Learning Notes

Asncio

https://www.youtube.com/watch?v=oAkLSJNr5zY

Terminologies

  1. Event loop

Event loop is like a loop and it have a thing called control and that control can be give to any other function to let the execute.

Say we have 2 functions to run first one needs 5 sec to fetch data from internet. We have 2 options either we can wait for the data in first function to be fetched, in that case we are running the code sequentially.

Second option is to pause the function 1 let the function 1 run separately when it is fetching data from the internet as when the data has been fetched there is nothing that python need to do, it's the os and network stuffs not the python. So in that time we can run function 2 and when the fetching is completed we can go back to the function 1 to complete it. This way we will make our program 5 seconds faster.

Now a question arises, why not run the both function in parallel. We don't because python doesn't historically support true parallelism because of global interpreter lock (GIL). Without going in technical detail it means single process at one time.

Good news: GIL removal is coming, python 3.13 has added an option to build python without GIL but its still experimental, by default normal python still has GIL.

Another good news: there is a technique with which we can do true parallelism, shown below in ProcessPoolExecutor part.

When in event loop, when a function is being executed it means event loop gave that function the control and when waiting for some I/O bound task or it finishes executing, the control is given back to the event loop and the event loop gives it to the next one.

  1. Awaitables

Awaitables are those things which have __await__() method implemented with it and we can use await keyword to await it. We cannot await synchronous functions because they don't know how to yield control and resume later.

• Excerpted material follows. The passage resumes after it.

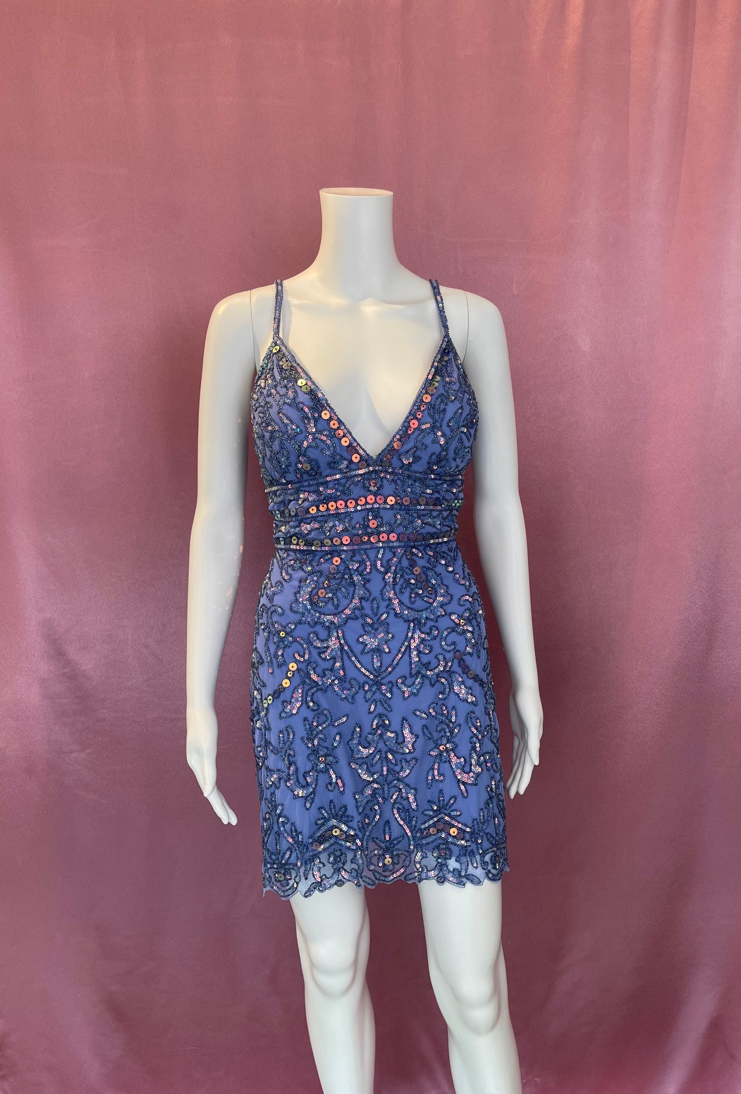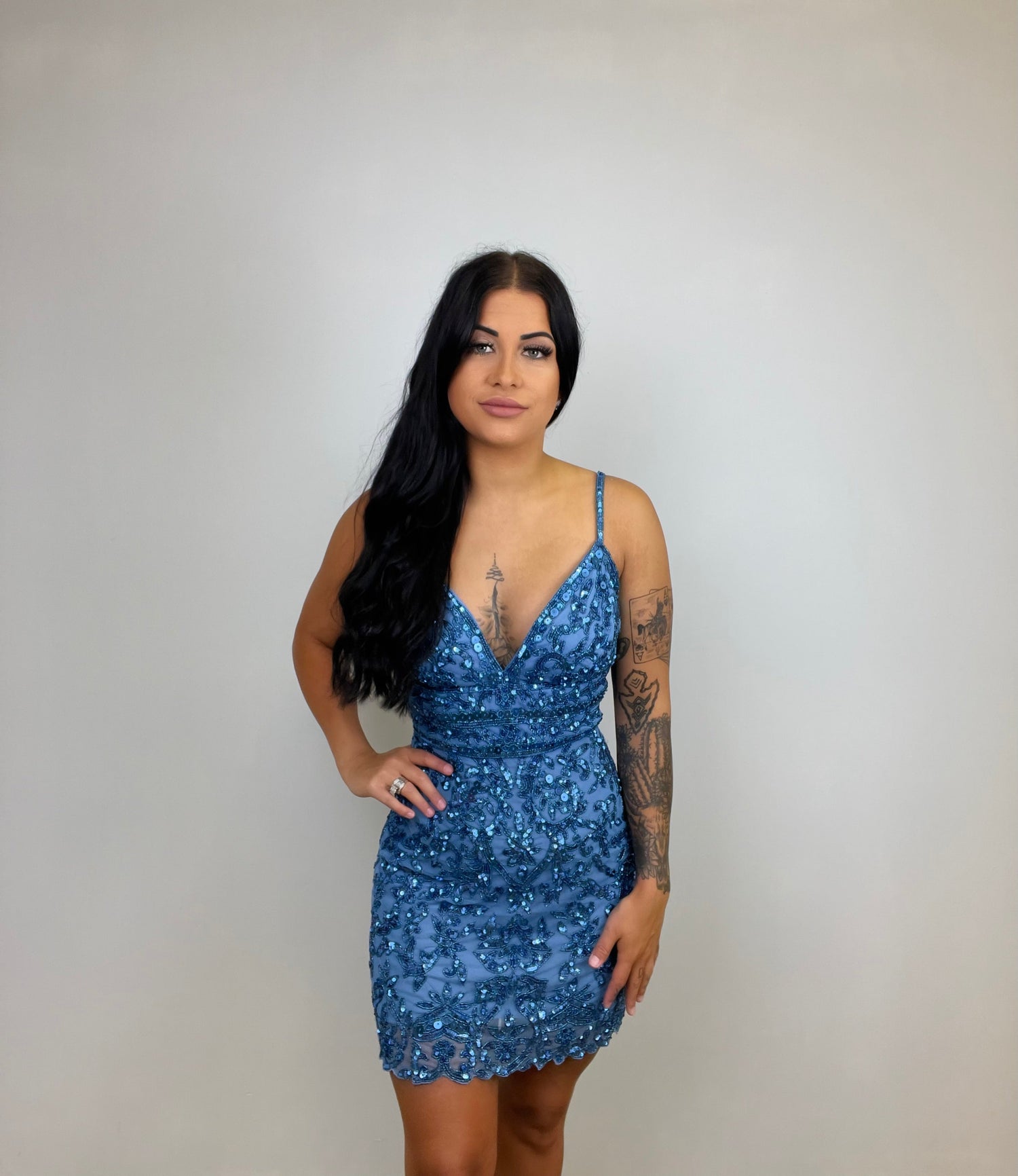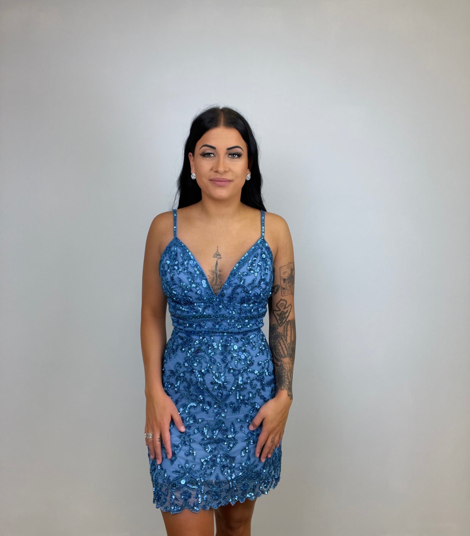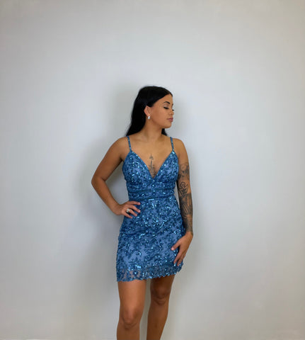 This dress is embellished with a lace pattern of beads and sequins in a full mini-length fitted silhouette showcasing a sleeveless V neckline, embellished spaghetti straps, and nipped midriff. The back flaunts an open style with lace-up support and a dangling tassel. Be ready to fascinate everyone in this short glam party dress style from Sherri Hill..

Awaitables can be awaited in async function.

Basic example:

import asyncio

async def A():
    do_a()
    do_b()
    await do_c()
    do_d()

async def B():
    do_x()
    do_y()

Say we have run this code and the line do_c is some I/O bound operation, maybe fetching an image from internet.

When we start to run, do_a will run, after it finishes do_b will run, and then do_c will be awaited. do_c will be paused when it starts to fetch the image from the internet and the control will be given back to the event loop until do_c gets the image from the internet. Now the event loop gives the control to function B to execute until the image gets fetched.

That's it. It saves time. Instead of waiting for image to download, it lets it be there and moves on to execute another function.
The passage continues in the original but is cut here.